Зря навья так буравила супругу тревожным взглядом: та, будто что-то почувствовав, тоже посмотрела на неё. Разумеется, она не узнавала Севергу в облачении палача; её бледное, но прекрасное лицо выражало такое ледяное, пронзительное презрение и смертельную ненависть, что Севергу невольно охватило дыхание мороза среди лета. Конечно, вся ненависть Темани была предназначена палачу, который собирался лишить жизни её матушку, но стоило лишь снять маску – и то же самое получила бы сама Северга. «Если она узнает, я потеряю её», – давила на грудь угрюмая, лохматая, как волк, боль.

Вот показалась наконец повозка с осуждённой. На свидании госпожа Раннвирд держалась бодрее, а сейчас её круглое лицо как-то разом осунулось, глаза мертвенно ввалились, став тусклыми, пустыми. Это была печать смерти, печать обречённости. Северга неотступно следила за Теманью; у той при виде матушки градом покатились по лицу слёзы. Начали зачитывать приговор, но Северга не вслушивалась. «Только не падай, крошка, только не падай, – мысленно молила она жену. – Я не смогу тебя подхватить».

Она стояла, расставив ноги и опираясь на рукоять меча, непоколебимая, как гора, и неумолимая, как правосудие. Когда взгляд Темани задерживался на ней, в нём проступал ужас. Осуждённая между тем отказалась от последнего слова, а на вопрос о признании своей вины ответила так:

– Я не считаю себя преступницей. Я считаю себя борцом за свободу своего родного края от удушающего гнёта нынешней власти.

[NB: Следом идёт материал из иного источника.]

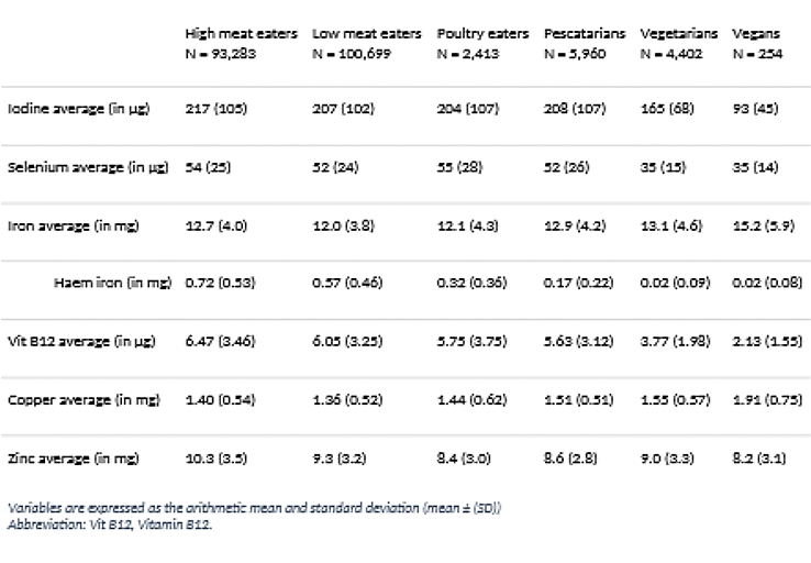 The table below - click on it for a larger version - that we found in the supplementary data section of the Austrian study shows that the average intake of selenium was too low in all groups. In the vegetarians and vegans it was even alarmingly low.

Лицо Дамрад осталось каменным, глаза ледышками сверкали из-под шляпы. Она чуть приметно взмахнула рукой в чёрной перчатке, и госпожу Раннвирд поставили на колени перед плахой. Настало время Северге говорить положенные слова, а она опять не могла оторвать взгляда от Темани, которую, похоже, охватил какой-то припадок: она то задыхалась, ловя ртом воздух, то зажмуривалась, то широко распахивала глаза. Да, не подозревала Северга, замышляя покарать госпожу Раннвирд своей рукой, что это будет так трудно. Если б Темань осталась в гостинице, всё было бы проще, и душа навьи не рвалась бы в клочья. Она не могла бросить меч, сойти с помоста и обнять жену, ей оставалось только мысленно молить: «Темань, девочка, держись, прошу тебя».

За плечом Северги раздалось чьё-то «кхм», и она вспомнила о своих обязанностях. Склонившись к уху осуждённой, она проговорила вполголоса, но внятно, чеканя каждое слово – так, чтобы слышать могла только бывшая градоначальница:

– Госпожа Раннвирд, вам привет от вашей дочки Темани. Она вас очень любит, чего я не могу сказать о себе. К счастью, моя дочь, смерти которой вы так страстно желали, жива и невредима, а подосланные вами убийцы получили по заслугам. Как сейчас получите и вы. Ваша борьба против власти меня не касается. Я караю вас только за то, что вы посмели поднять руку на чистое, невинное создание, юное и прекрасное, не сделавшее зла никому в своей жизни.

Глаза госпожи Раннвирд выпучились и безумно засверкали.

– Ты?.. – прохрипела она. – Так это ты...

Рука Северги неумолимо уложила её наголо остриженную голову на плаху. На затылке госпожи Раннвирд собрались жирные, покрытые щетиной складки. Меч уже взвился в воздух, как вдруг над толпой вспорхнувшей птицей пронёсся пронзительный крик:

– Нет! Матушка!

Осуждённая вскинула голову, Северга устремила взор на звук. Случилось то, чего она и боялась: Темань лишилась чувств и упала в толпе.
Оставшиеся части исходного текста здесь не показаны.